In the treatment of synechia, lidase is used, which leads to an improvement in flow properties. hyaluronic acid. In addition, it increases the permeability of tissues for interstitial fluid. As a result, the latter accumulates in a smaller amount in this area.

Used for enzyme therapy traditional methods(instillation of drops, introduction of the parabulbar region or under the conjunctiva) or physiotherapeutic methods (phonophoresis, electrophoresis). Additionally, local or systemic administration of angioprotectors is used.

Cytoplegic drugs (mydriatics), which include homatropin (the action is similar to atropine) are used for posterior synechia. These means keep the pupil in a dilated state, as a result of which it is at some distance from the lens capsule. In this way, fusion is prevented. In the presence of synechia, the introduction of atropine-like drugs leads to a change in the shape of the pupillary opening. It doesn't become round. The prognosis of the disease is determined by the degree of opening of the hole under the influence of drugs. In the case of full opening, the prognosis is favorable, that is, the adhesions are reversible.

For the purpose of anti-inflammatory therapy, corticosteroids are prescribed. With an increase in intraocular pressure, antiglaucoma drugs (fotil, travatan) are added to therapy.

Surgical dissection of adhesions with a scalpel, spatula, scissors is resorted to in more serious cases. In order to prevent the development of glaucoma, such a manipulation can be performed as an independent intervention. Sometimes it is part of other surgeries (cataract repair, iris surgery, anterior eyeball reconstruction).

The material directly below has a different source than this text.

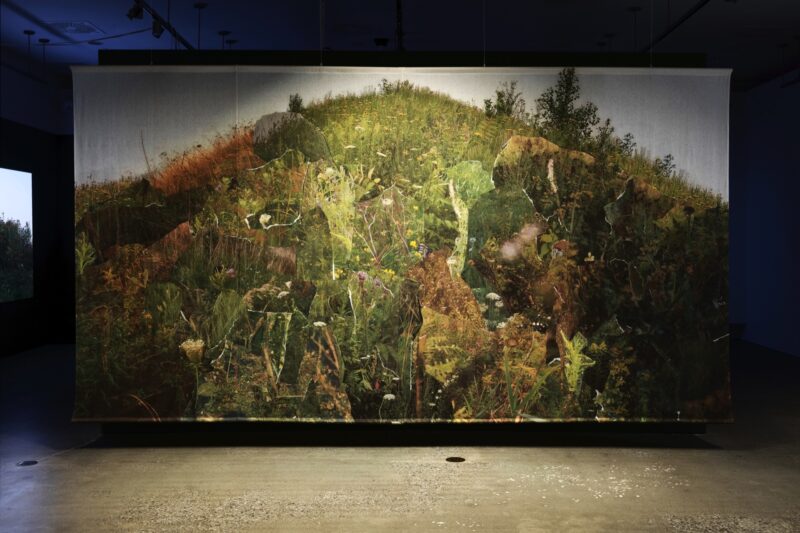 There are works that don’t make a splash but unexpectedly draw close, grazing us like a breath. Jacynthe Carrier’s works always do this, and more: they reach out and softly embrace us. Her exhibition presented at DRAC – Art actuel Drummondville, du seuil à la cime, invited visitors to slow down, listen, and perceive in different ways what often remains unsuspected and invisible: a place of transit – on the edge, ignored and forgotten – of unconscious shared gestures. She offered a nearby interstice that we could see differently, with an attention that surpassed comprehension.

In the presence of dense and massive adhesions, it is necessary to use Vannas scissors and iris scissors. They penetrate into the anterior chamber of the eye through a small incision in the limbus, which is worn with a special keratome. The incision should be in close proximity to the synechia, but not opposite them. If vessels pass inside the synechia, that is, it is vascularized, then a hyphema may form during dissection.

If the posterior adhesions are located behind an intact iris, then it is worth dissecting them very carefully so as not to damage the lens capsule.